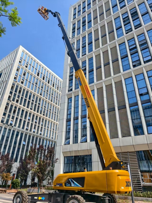 面對產(chǎn)業(yè)園體量龐大、結(jié)構(gòu)復(fù)雜、維護(hù)點分散且高度需求大的挑戰(zhàn),XGS50K憑借其50米的超高作業(yè)高度和強大的跨越能力大顯身手。其靈活伸縮的小飛臂輕松越過設(shè)備管線、通風(fēng)設(shè)施等障礙物,精準(zhǔn)直達(dá)高層幕墻檢修點;超強的平臺承載能力和出色的作業(yè)穩(wěn)定性,為技術(shù)人員在高空進(jìn)行檢測、清潔等精細(xì)操作提供了堅實、安全的保障,顯著提升了維護(hù)效率。
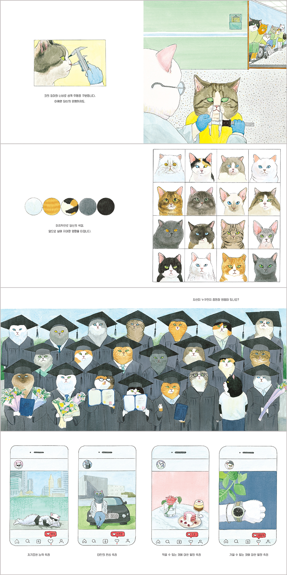 In this picture book, the main character of measurement is a cat. The cat performs measurements at the basic, advanced, and synthesis levels. Cats are depicted as both experiencing measurement and being measured. In a scene from Basic Measurement, we show cute faces of cats with different fur colors and tell them that your color has a significant impact on your life. At first glance, it's hard to see how the color of a cat's fur could have a significant impact on its life, but then you put a person of a different color in the cat's place. Once you've switched the cat and the human, you're reminded of the everyday human behaviors to express kindness that are based on the cat's color.
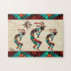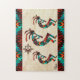 Profitez de ce Puzzle unique du sud-ouest de Kokopelli! Trois Kokopelli Sud-Ouest dansent et jouent de la Flûte sous le soleil sur un Arrière - plan de grès Tan...Entouré d'une frontière Sud-Ouest en Turquoise, Orange et Noir! C'est un Art Design original de l'artiste Kerry Miller.
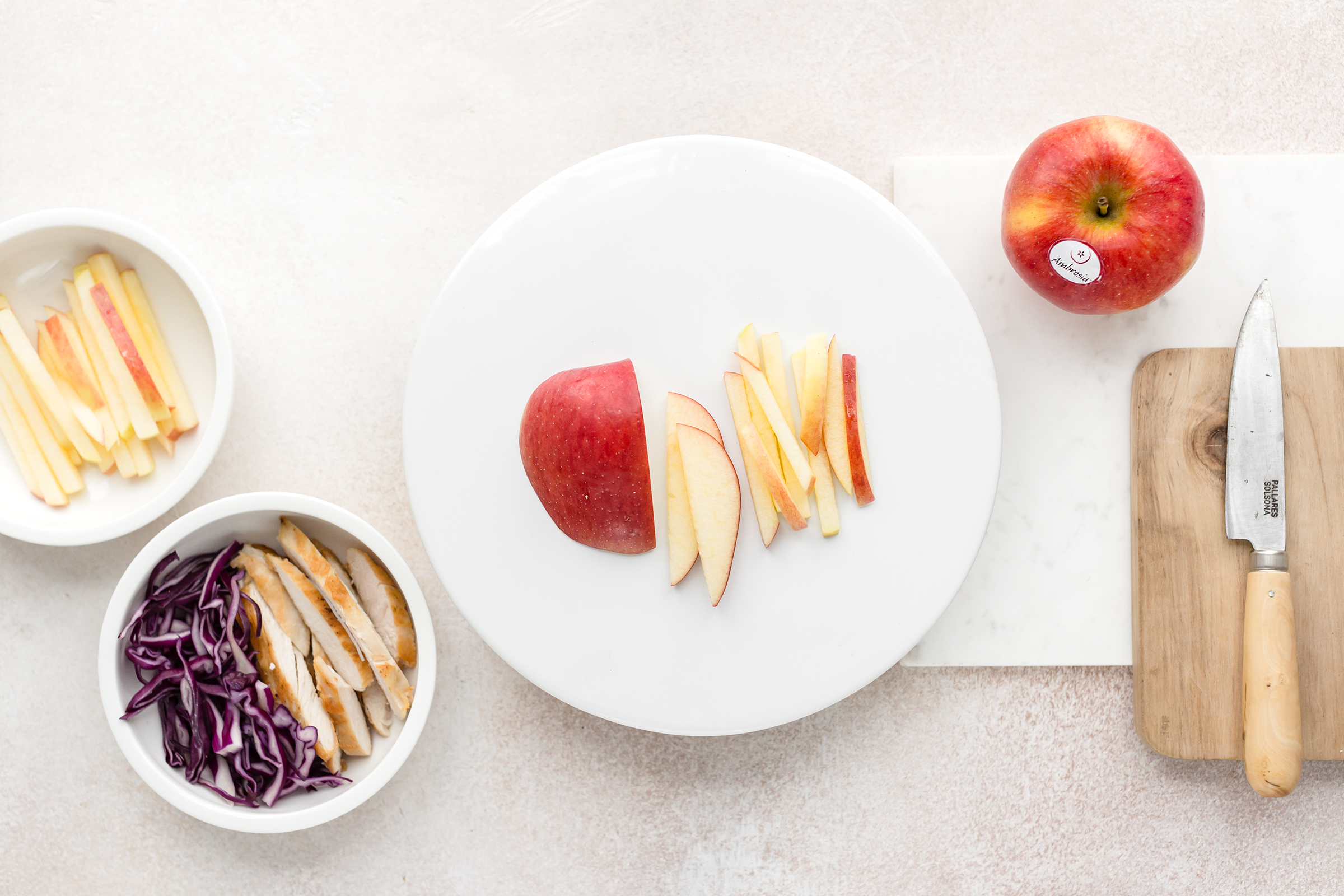 Tagliate a listarelle il pollo, il cavolo cappuccio e la mela.

→ **To do**
Take the material above from its first line through the line holding "In this picture" and set it down exactly, without the pictures.

→ **Solution**
 面對產(chǎn)業(yè)園體量龐大、結(jié)構(gòu)復(fù)雜、維護(hù)點分散且高度需求大的挑戰(zhàn),XGS50K憑借其50米的超高作業(yè)高度和強大的跨越能力大顯身手。其靈活伸縮的小飛臂輕松越過設(shè)備管線、通風(fēng)設(shè)施等障礙物,精準(zhǔn)直達(dá)高層幕墻檢修點;超強的平臺承載能力和出色的作業(yè)穩(wěn)定性,為技術(shù)人員在高空進(jìn)行檢測、清潔等精細(xì)操作提供了堅實、安全的保障,顯著提升了維護(hù)效率。
 In this picture book, the main character of measurement is a cat. The cat performs measurements at the basic, advanced, and synthesis levels. Cats are depicted as both experiencing measurement and being measured. In a scene from Basic Measurement, we show cute faces of cats with different fur colors and tell them that your color has a significant impact on your life. At first glance, it's hard to see how the color of a cat's fur could have a significant impact on its life, but then you put a person of a different color in the cat's place. Once you've switched the cat and the human, you're reminded of the everyday human behaviors to express kindness that are based on the cat's color.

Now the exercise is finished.